In residential real estate, (typically defined as Single Family Homes and multi-family properties with 2-4 units) comps are used to determine value and loans are extended based on an individual’s ability to repay the loan with income from their job or businesses. Appraisers will look at what similar properties in the area sold for, what condition they are in, and what features they have and compare them against the subject property to determine a value.
In commercial real estate, (defined as anything other than Single Family Homes and multi-family properties with 2-4 units) comps are not the primary factor of valuation. Instead, commercial properties use the NOI, or Net Operating Income. This is a measure of the income a property is able to produce minus regular expenses. Loans are extended based on the income the property can produce and if that income can cover the loan balance. The focus is on the asset’s ability to pay the loan, not the borrower.
Even though commercial real estate is valued primarily through NOI, it’s still important to look at comps. Let’s say you see a 20 unit apartment complex for sale and it’s listed for 1,000,000 dollars, or 50,000 per unit. The NOI of the property lines up with your expectations and it appears to be a good deal. Let’s say you do some further research and find that similar properties in the area sold for 30,000 per door. This doesn’t mean that the subject property is a bad deal, but for me, this would warrant asking the question of why the subject property is valued at such a premium. There may be a perfectly valid explanation. Perhaps the property recently underwent major renovations and all of the other sold properties were badly run down, but it’s important to know the reasoning behind this. Oftentimes, the answer is simply a seller out of touch with the market.

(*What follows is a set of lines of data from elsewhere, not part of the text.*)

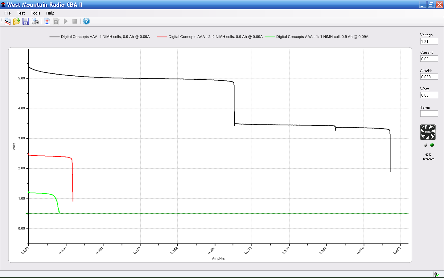 The AAA cells I mentioned there bubbled to the top of the heap on my desk again, so I charged them, let them sit around for a few days to stabilize, then ran a discharge test.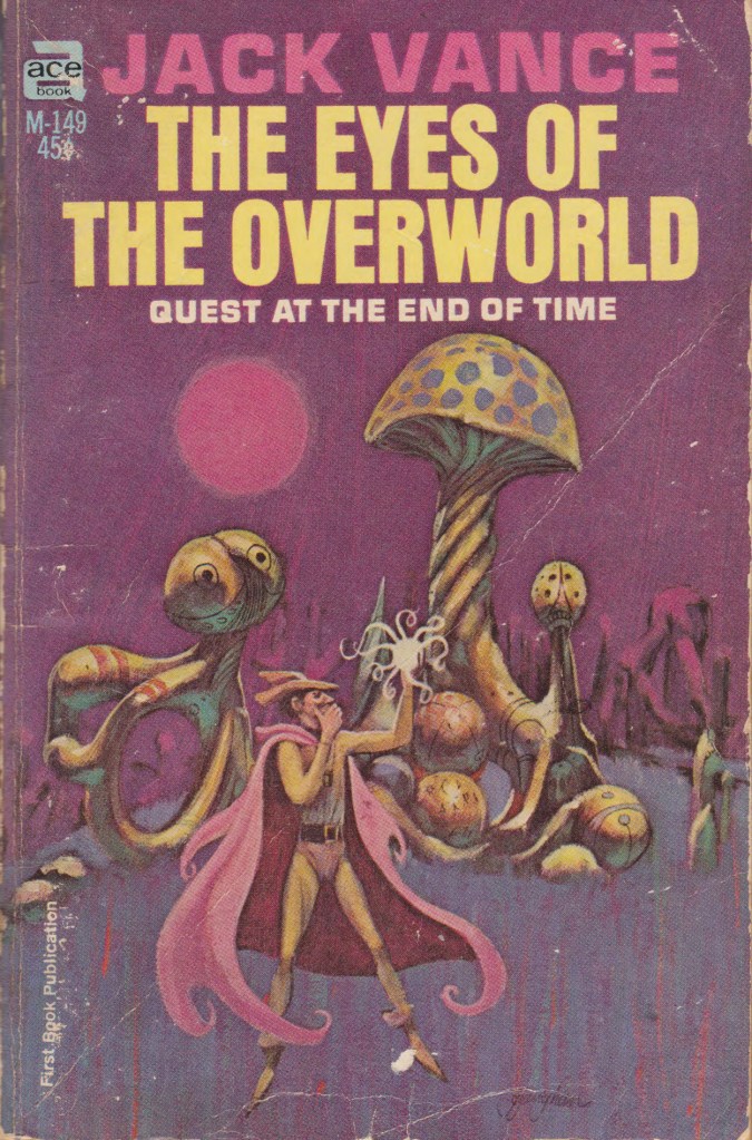(Jack Gaughan’s cover for the 1966 edition of The Eyes of the Overworld (1966), Jack Vance)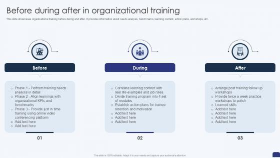 This slide showcases organizational training before during and after. It provides information about needs analysis, benchmarks, learning content, action plans, workshops, etc. Crafting an eye-catching presentation has never been more straightforward. Let your presentation shine with this tasteful yet straightforward Before During After In Organizational Training PPT Example SS template. It offers a minimalistic and classy look that is great for making a statement. The colors have been employed intelligently to add a bit of playfulness while still remaining professional. Construct the ideal Before During After In Organizational Training PPT Example SS that effortlessly grabs the attention of your audience Begin now and be certain to wow your customers This slide showcases organizational training before during and after. It provides information about needs analysis, benchmarks, learning content, action plans, workshops, etc.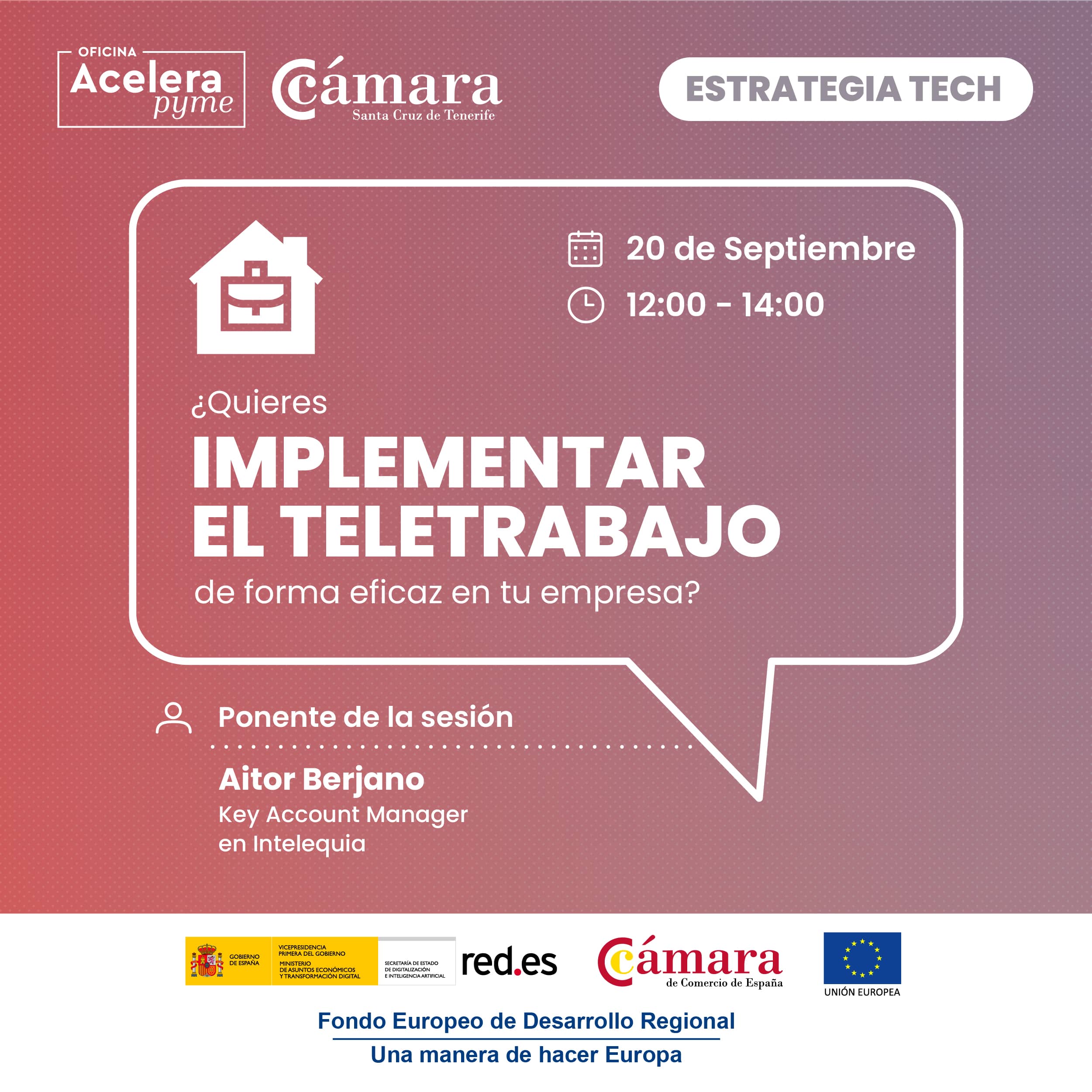 Esta actividad está incluida bajo la iniciativa AceleraPyme desarrollada y puesta en marcha en toda España por Red.es para ofrecer asesoramiento gratuito y personalizado en Transformación Digital para pequeñas y medianas empresas, micropymes, autónomos y emprendedores.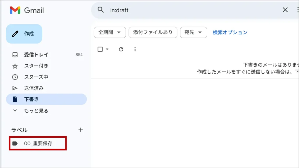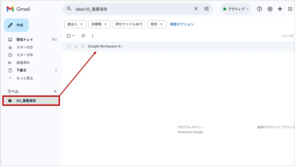 label:削除したラベル名は使えなくなるので、キーワード検索になります)を入力してメールを探す。 - 該当するメールを選択し、新しく作ったラベルを貼り直す。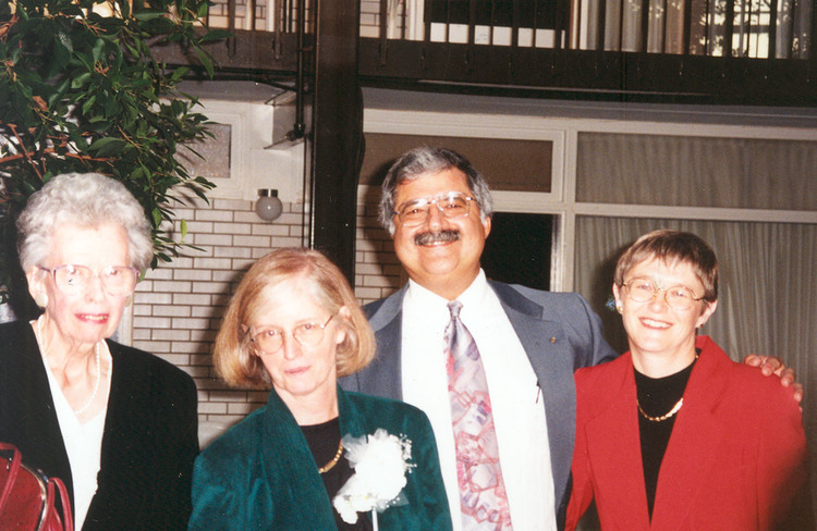 - en-CA Claire Beckermann's retirement dinner held by the Niagara Falls Public Library Board. Left to right: Dorothy Van Slyke, Claire Beckermann, Joe Longo and Anne Andres-Jones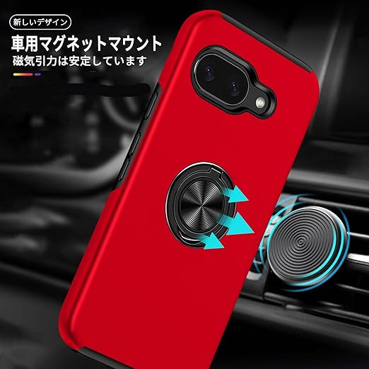 JSCOMYAP Google Pixel 9a ケース用, pixel9a スマホケース + グーグルピクセル9a ?化 ガラス フィルム リング付き スタンド機能 耐衝撃 衝撃 スマホカバー Case Cover googleピクセル9a ぐーくるぴくせる9a グーグル ピクセル 9a ケース pixel 9a 背面 カバー メンズ(赤) a

But wait you say, what if a residential multi-family building has a very very high NOI and it looks like it should be valued much higher than the residential comps? Unfortunately this doesn’t matter when calculating the overall value. As a buyer this is a good thing. It can provide a good negotiation point for a buyer. As a seller it is unfortunate. As a buyer i’ve seen many sellers try to price their residential multi-family buildings based on NOI. Even if I wanted to buy an inflated amount, a bank wouldn’t approve a loan for an inflated amount.
It’s important to always make sure you’re valuing a property accurately so you don’t overpay and risk losing money on your investments.